Zucchini soup with fresh basil and parsley

Zucchini soup with fresh basil and parsley

May 4 2021



Serves 5

Monday night soup is my favorite way to get tons of nutrients for a right start of the week!! I am making an easy zucchini soup here and just adding fresh herbs before blending together. Let me tell you that it is REALLY good!


  • 1 medium onion, chopped
  • 2 celery stalks, chopped
  • 3-4 medium zucchini
  • 1 bunch of fresh basil
  • 1 bunch of fresh parsley (both Italian and curly work here)
  • 6 cups of stock
  • Salt and pepper
  • 2-3 tbsp of olive oil


Heat up the olive oil on medium and cook the onion and celery for a couple of minutes until fragrant.

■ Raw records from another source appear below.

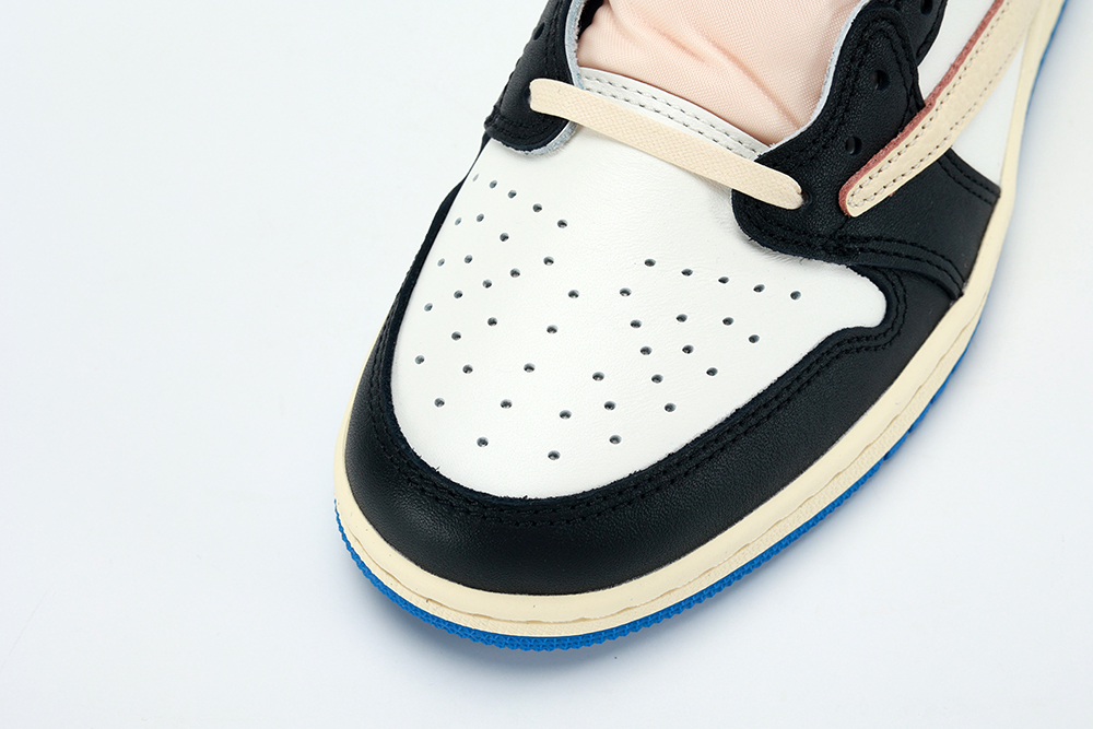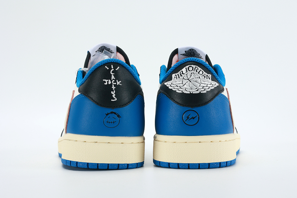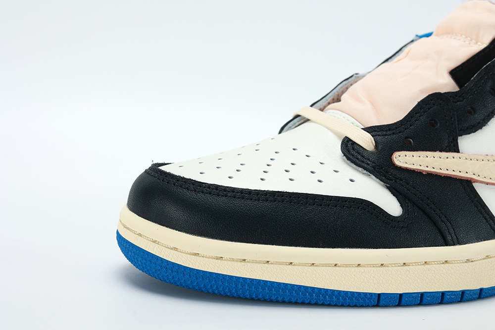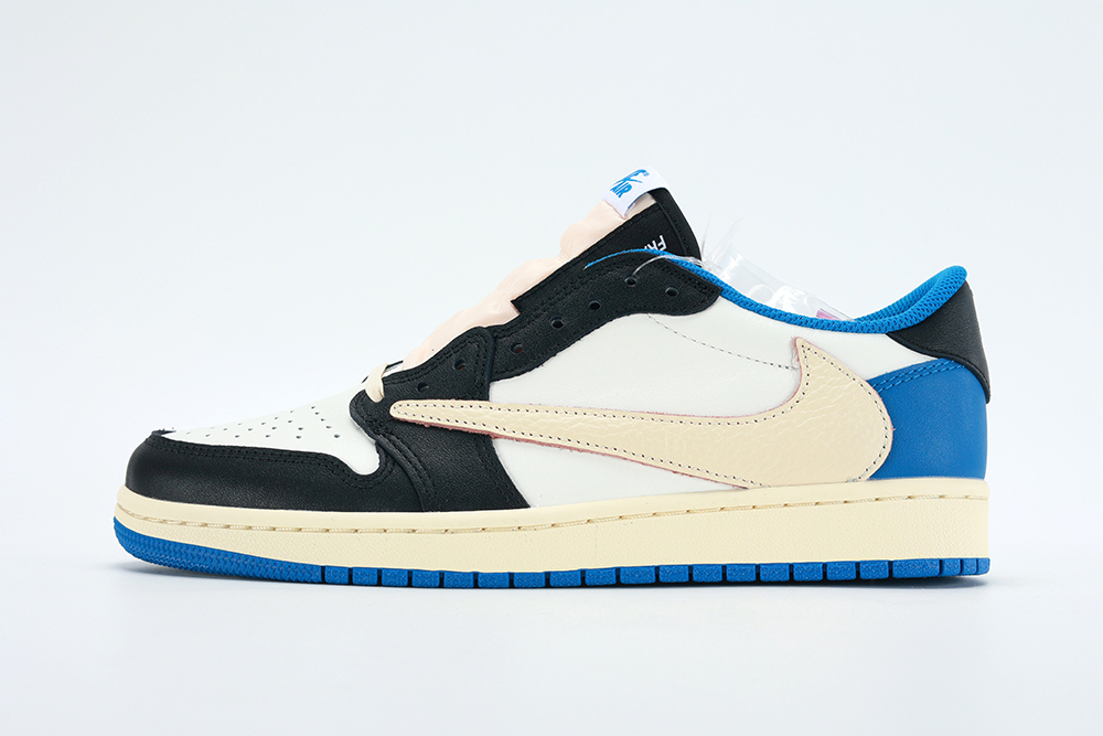 The Fragment Design x Travis Scott x Air Jordan 1 Retro Low is a monumental collaboration that marries the visionary talents of Hiroshi Fujiwara, Travis Scott, and the legendary Jordan Brand. This sneaker represents a pinnacle of streetwear culture, showcasing an exquisite blend of Fragment Design’s minimalist aesthetics with Scott’s bold, unconventional approach, all while staying true to the Air Jordan 1 iconic silhouette. The design features a striking color scheme of black, white, and royal blue, with each color thoughtfully placed to highlight the sneaker’s intricate details and premium craftsmanship.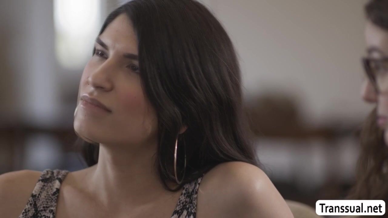 Shy teen goes to the house of bestfriends TS girlfriend to meet her.After that,they start kissing each other and she lets her lick her tight pussy.In return,she sucks the shecock of TS and lets her fuck her wet pussy so hard.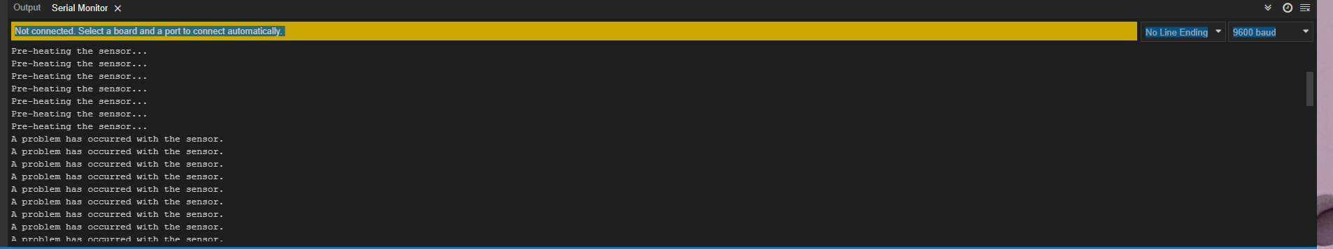 Hey, so whenever the sensor preheats its self, it then auto selects https://uploads.disquscdn.c... the sensor isn't working. does the sensor have to auto Cal itself for 24 hours consistently, or is it something in my code?

Wash the zucchini , remove the ends and roughly chop. Add to the onion and celery and keep on stirring and cooking for a little longer. Add some salt and pepper, I usually start with 1 tsp each, and add the stock.

Bring to a boil, then simmer for 10-15 minutes until veggies are cooked and soft enough that you can pick a fork through it.

Transfer to a blender and add the fresh herbs and purée until smooth. Taste and adapt seasoning.

I always make extra so I have some for lunches throughout the week with a nice piece of avocado toast or something!